**Problem:** Excerpt from the entries below: please repeat exactly the lines from the one containing "输入用户名和密码之后,oau" through the last one, both ends included, with no pictures.

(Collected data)
Start of Block
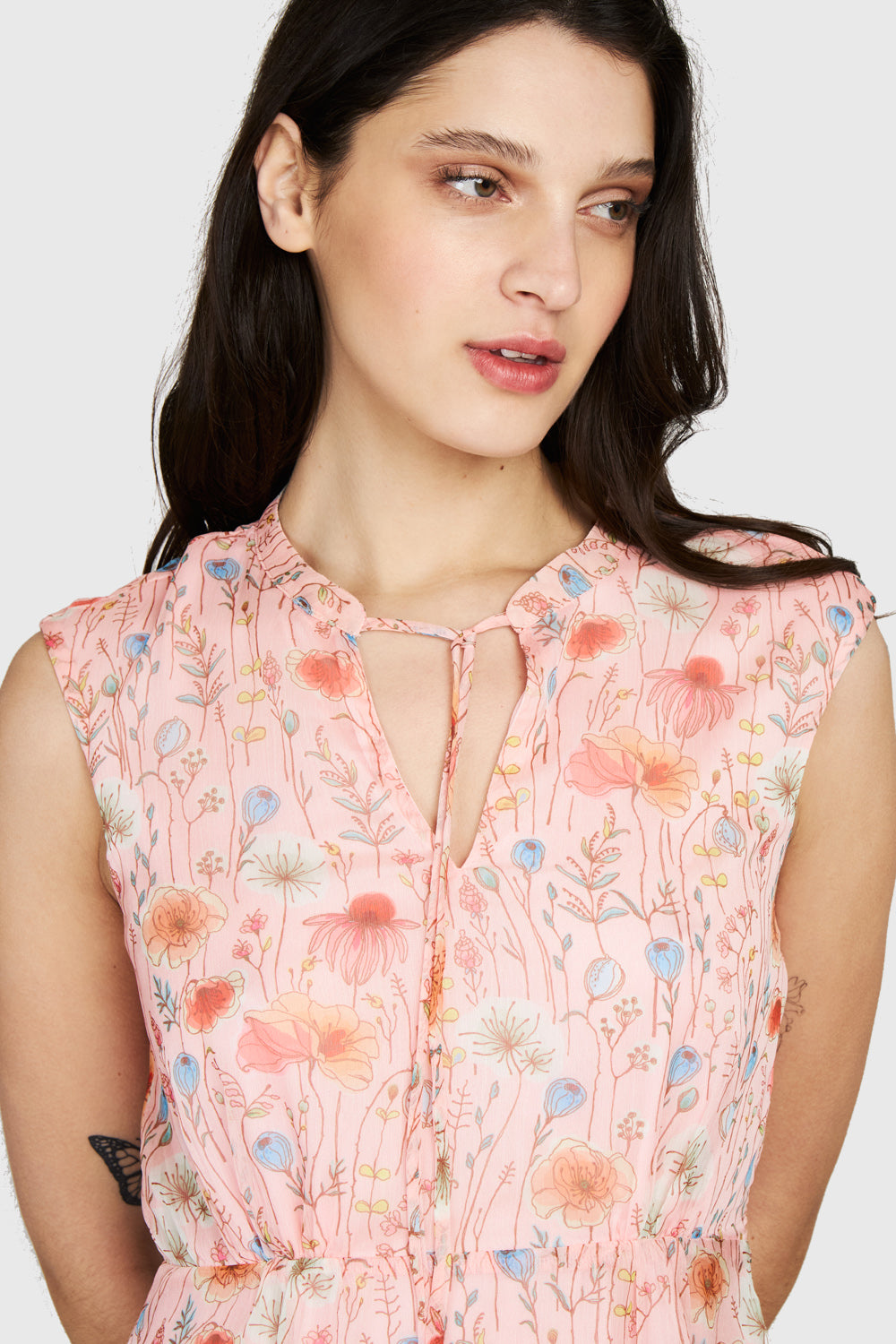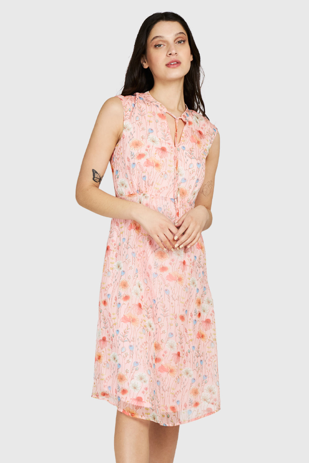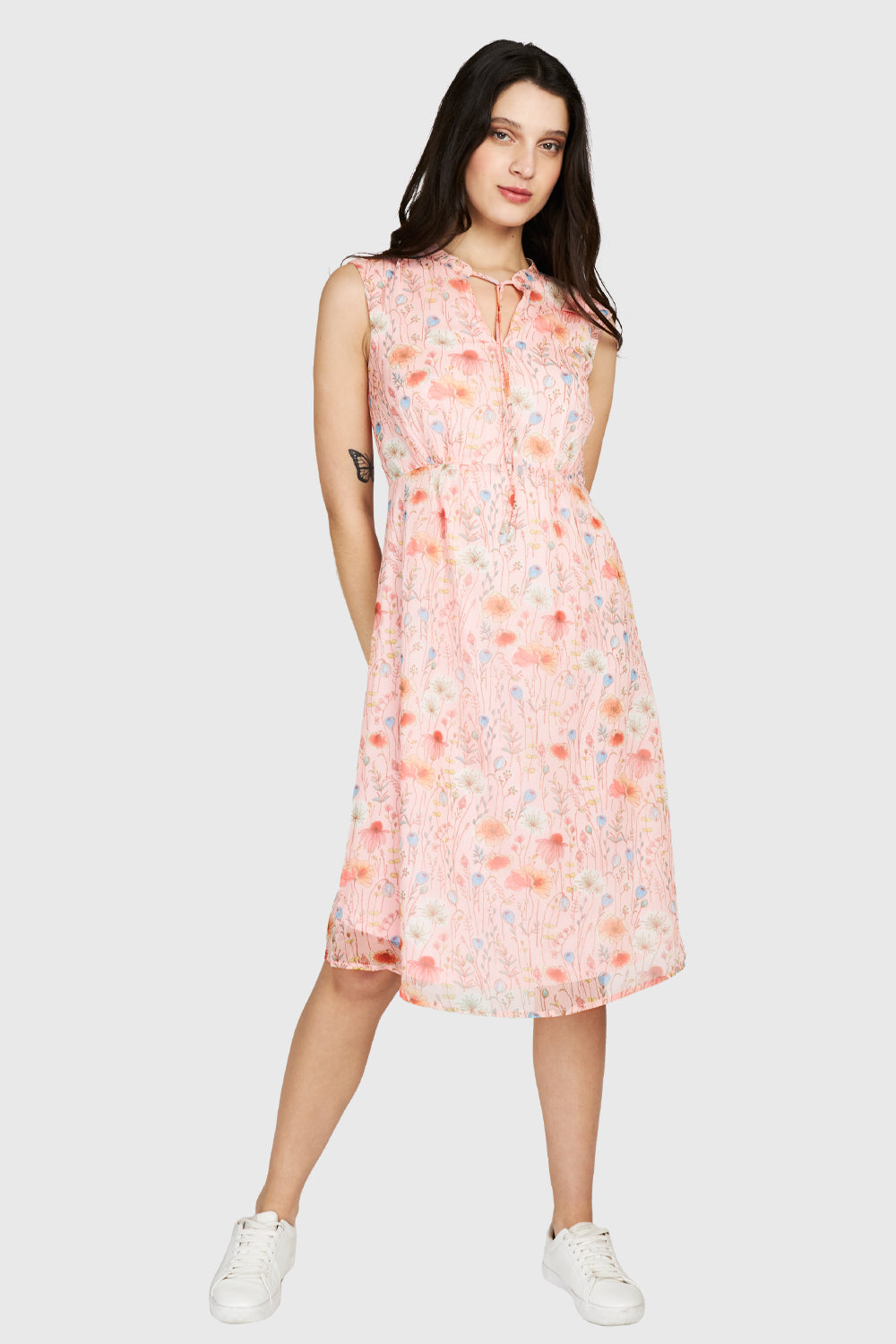 Características: Vestido midi sin manga estampado floral amapolas. Cuello mao con lazo de ajuste. Cierre invisible al costado. Posee forro.
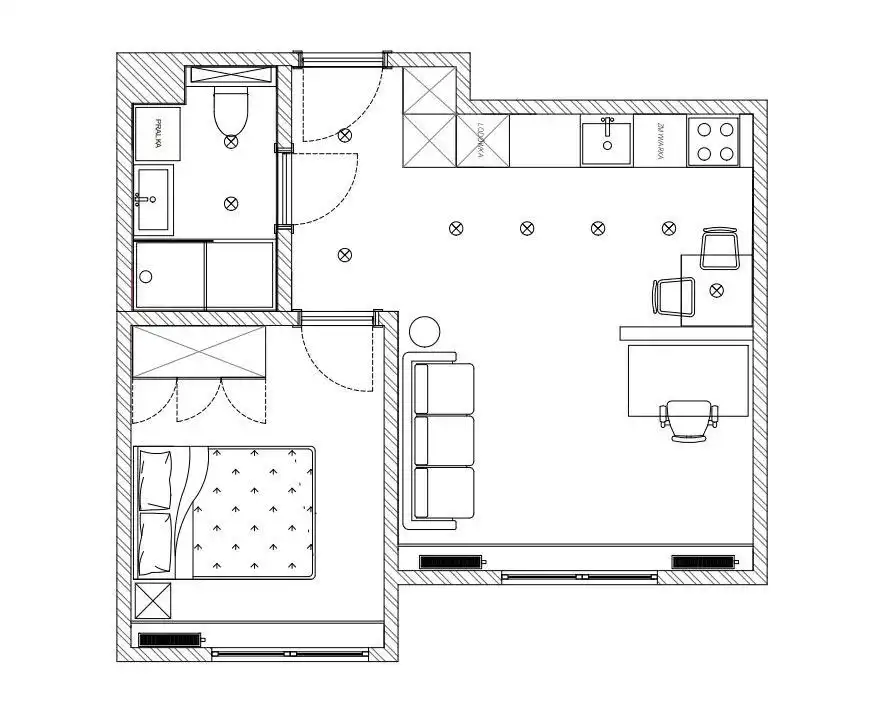 Mieszkanie 40m2, mieszczące się na 3. piętrze budynku, składa się z salonu z aneksem kuchennym, sypialni, łazienki oraz balkonu.
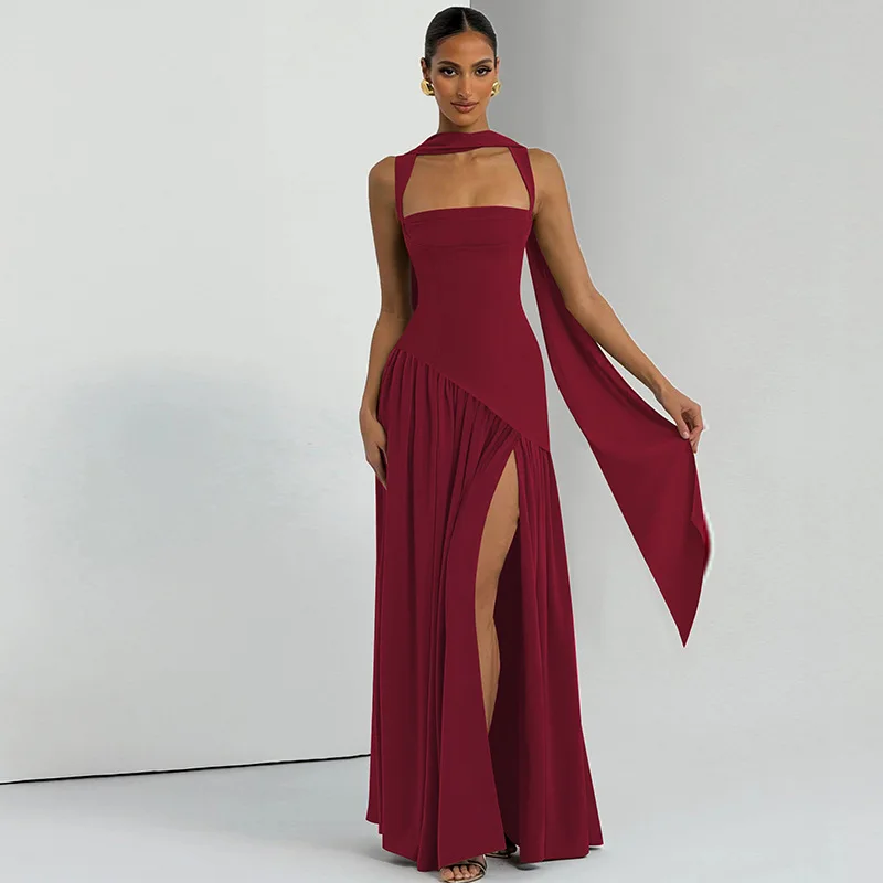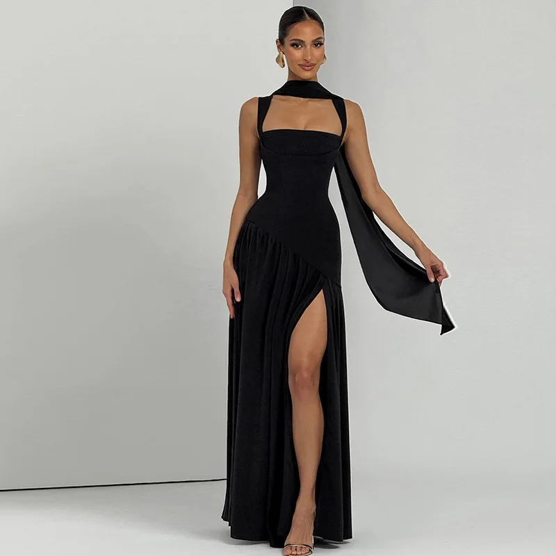 Women Dresses Elegant Strap Dress Slit Square Collar Sexy Maxi Dresses Sleeveless
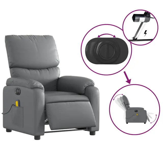 Električni masažni naslanjač - Relax naslanjač sivo umetno usnje
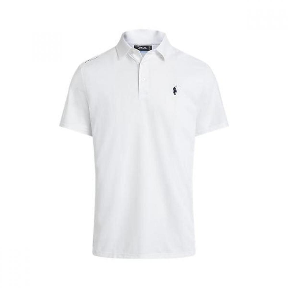 The Polo Golf Men's Performance Mesh Polo Shirt is made from breathable jersey fabric, allowing for comfortable movement. It features a striped knit polo collar and a zip placket, designed in an A-line silhouette to enhance the physique.
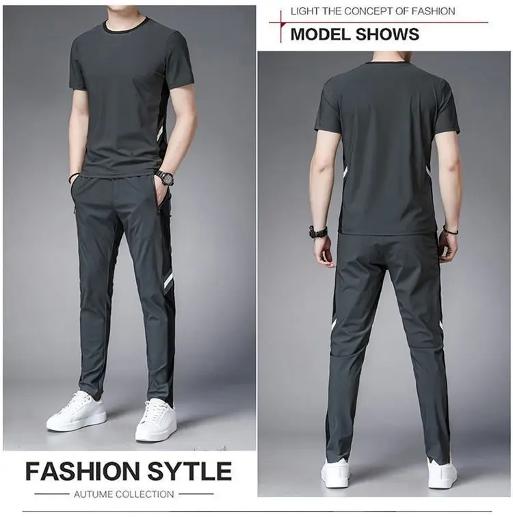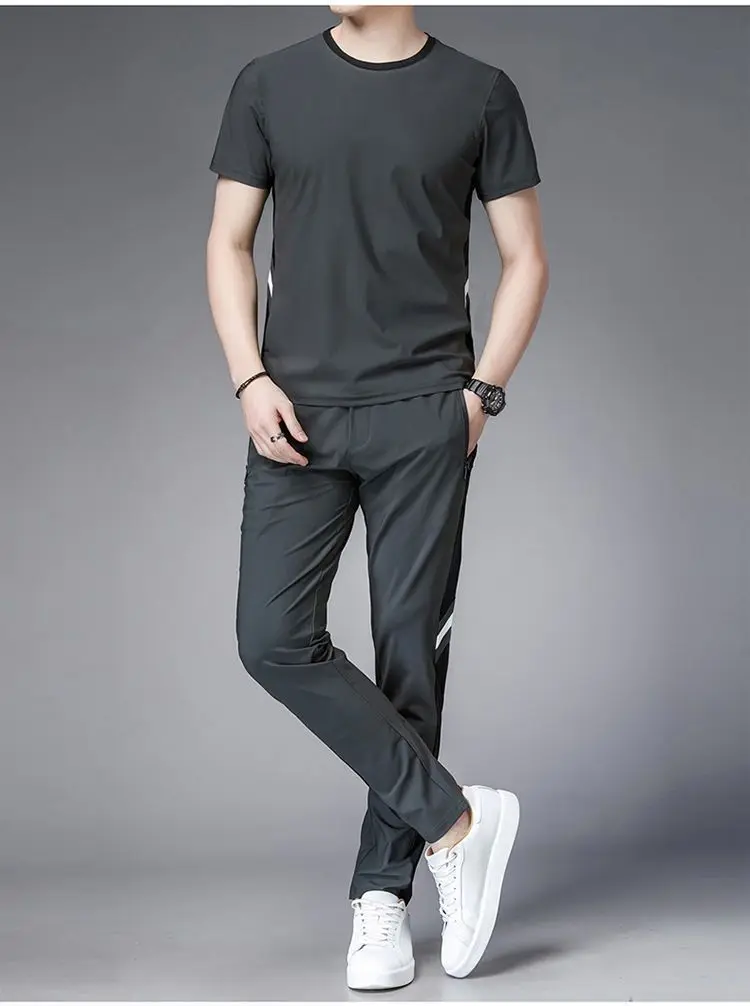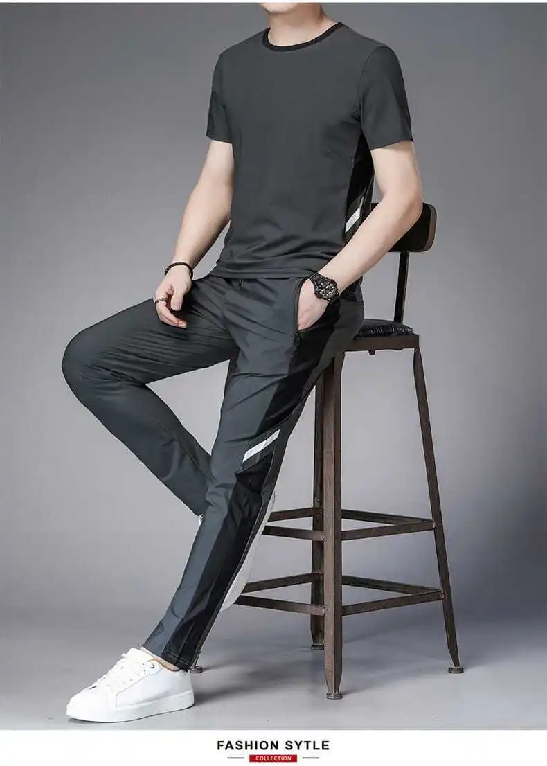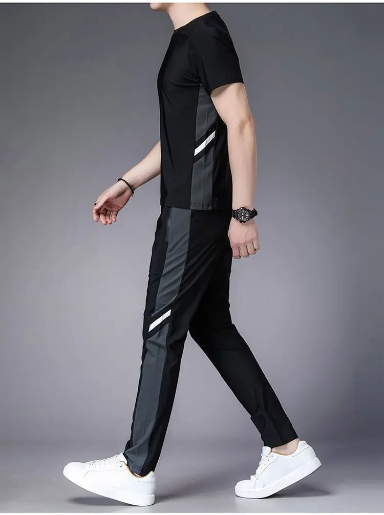 Aidase Men's Top Pants Sets Fashion Sports Suits Kpop Sweatpants Xl Clothing Cool No Logo Man T Shirt Polyester Slim Fit Chic Tracksuit
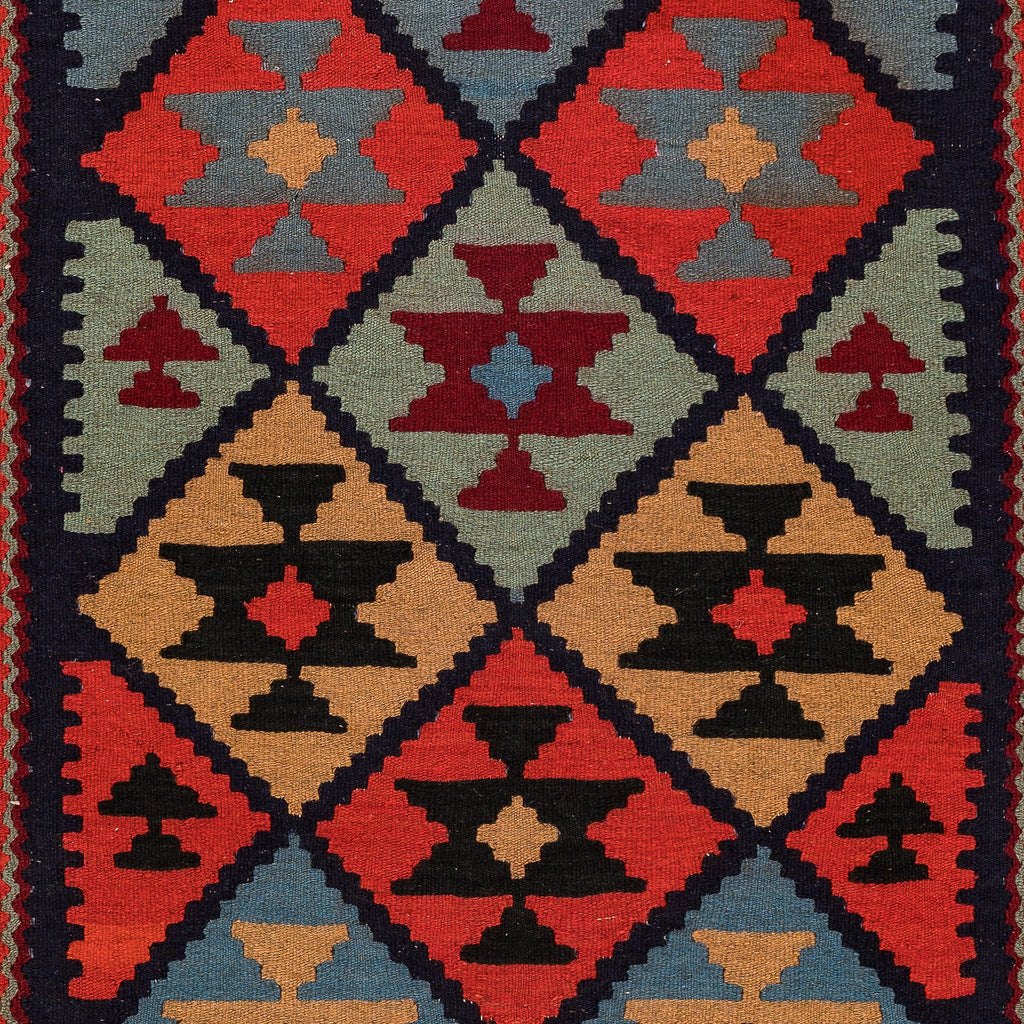 Inspired by Caucasian patterns, Ardebil Kilims are predominantly geometric in design, consisting of medallions, multiple connected diamond-shaped medallions, and all-over octagonal shapes.
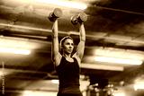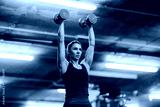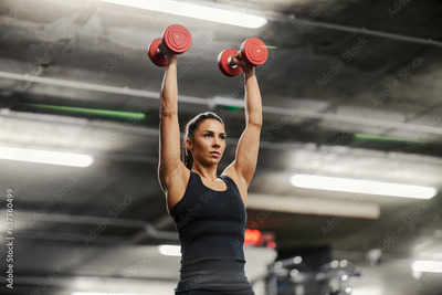 A muscular sportswoman in shape is lifting dumbbells over her head in a gym.
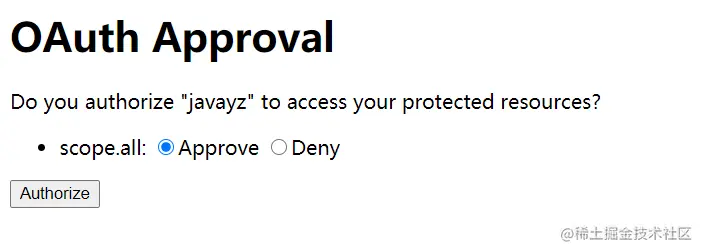 输入用户名和密码之后,oauth会让你选择是否授权,这一步可以理解为微信第三方登陆时,微信扫码后在手机上点击授权。
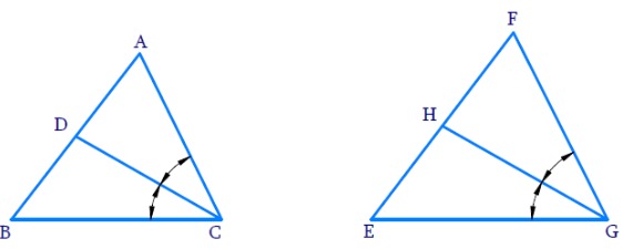 10. CD and GH are respectively the bisectors of ∠ACB and ∠EGF such that D and H lie on sides AB and FE of ∆ABC and ∆EFG respectively. If ∆ABC ~ ∆FEG, show that:
End of Block
**Reply to the task:**
 输入用户名和密码之后,oauth会让你选择是否授权,这一步可以理解为微信第三方登陆时,微信扫码后在手机上点击授权。
 10. CD and GH are respectively the bisectors of ∠ACB and ∠EGF such that D and H lie on sides AB and FE of ∆ABC and ∆EFG respectively. If ∆ABC ~ ∆FEG, show that:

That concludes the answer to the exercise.